Принцип «нет тела – нет дела» в российской правоприменительной практике был заложен еще в советское время. Раньше считалось, что невозможно доказать преступление, в результате которого причинена смерть, без установления самого факта смерти. Иначе достижение уровня доказанности, который позволял бы утверждать, что деяние «вне всяких сомнений» повлекло за собой смерть пострадавшего и, тем более что это деяние является преступлением, невозможно.

Этот подход косвенно был закреплен даже в уголовно-процессуальном законодательстве в статье об обязательном назначении судебной экспертизы (статья 79 УПК РСФСР).

То есть в каждом случае, когда требовалось «установить причины смерти и характер телесных повреждений», необходимо было проводить экспертное исследование, другого пути не было. Соответственно, отсутствие трупа делало невозможным установление причин смерти, а значит и квалификацию деяния как преступного.
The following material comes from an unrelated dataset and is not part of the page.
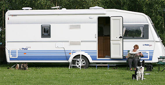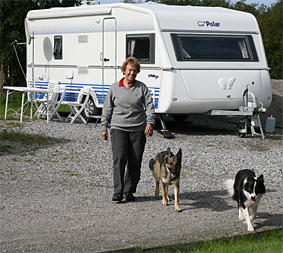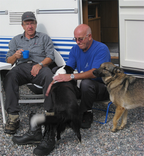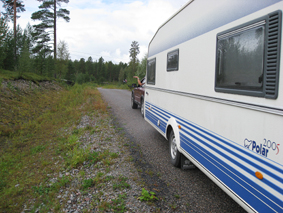 | Danne och Carina poserar. Ours hosts. | Roland och Danne pausar. A break | Vi hade vår husvagn hos D&C. Fint! Our caravan was placed at Carina and Danne. Very good. |

От данного подхода стали отходить в 2000-х, и хотя первое время присяжные заседатели и судьи крайне осторожно подходили к обвинению в делах, где отсутствует труп потерпевшего, приговоры по делам без тела выносились. В последние же лет 10 их выносят все увереннее и чаще, хотя мнение относительно законности таких приговоров сильно разнится, что неудивительно – единой позиции нет даже у Верховного Суда.

Например, в 2014 году ВС РФ оставил в силе приговор Иркутского областного суда в отношении Никитиной А., Ивановой А., Правдивой А. по части 2 статьи 105 УК «Убийство». Подавая апелляцию, осужденные руководствовались тем, что труп потерпевшего не обнаружен, а значит, их вина в убийстве не может быть доказана. Однако ВС РФ постановил, что факт отсутствия трупа не ставит под сомнение вывод суда о доказанности виновности осужденных в совершении убийства, поскольку данный вывод основан на совокупности исследованных в ходе судебного рассмотрения доказательств: протоколе осмотра места происшествия, заключении экспертов, показаниях свидетелей, а также осужденных Никитиной, Ивановой и Правдиной на предварительном следствии.

При этом в Постановлении Пленума от 29 ноября 2016 года N 55 «О судебном приговоре» Верховный суд напоминает, что обвинительный приговор не может быть основан на предположениях и постановляется лишь при условии, если в ходе судебного разбирательства виновность подсудимого в совершении преступления доказана. Также следует неукоснительно соблюдать принцип презумпции невиновности, согласно которому все сомнения в виновности обвиняемого, которые не могут быть устранены в порядке, установленном Уголовно-процессуальным кодексом Российской Федерации, толкуются в его пользу.

Сегодня моему доверителю, обвиняемому в совершении убийства пятнадцатилетней давности, суд избрал меру пресечения в виде домашнего ареста, проигнорировав все доводы защиты о непричастности доверителя в убийстве.

Сразу скажу, что одних признательных показаний недостаточно для того,  чтобы обвинять человека, в соответствии с ч. 2 ст. 77 УПК РФ «признание обвиняемым своей вины в совершении преступления может быть положено в основу обвинения лишь при подтверждении его виновности совокупностью имеющихся по уголовному делу доказательств». Иначе говоря, показания обвиняемого в форме признания вины могут использоваться для обоснования виновности обвиняемого только при их подкреплении другими доказательствами. Данное положение уголовно‑процессуального закона является типичным и единственным для современного российского уголовного процесса примером применения метода отрицательной формализации доказательств. Это необходимо в противовес действовавшему до Судебной реформы 1864 г. и характерному для инквизиционного уголовного судопроизводства правилу о том, что «собственное признание подсудимого есть лучшее свидетельство всего света» (ст. 1069 Свода законов 1832 г.). Если ранее речь шла о «царице доказательств», то сегодня, напротив, – о самом юридически слабом из всех возможных доказательств. Такой подход позволяет хотя бы отчасти преодолеть специальными юридическими методами все еще заложенную в подсознании многих (хотя уже полтора столетия нормативно не отраженную) фактическую переоценку доказательственного значения признания обвиняемым своей вины.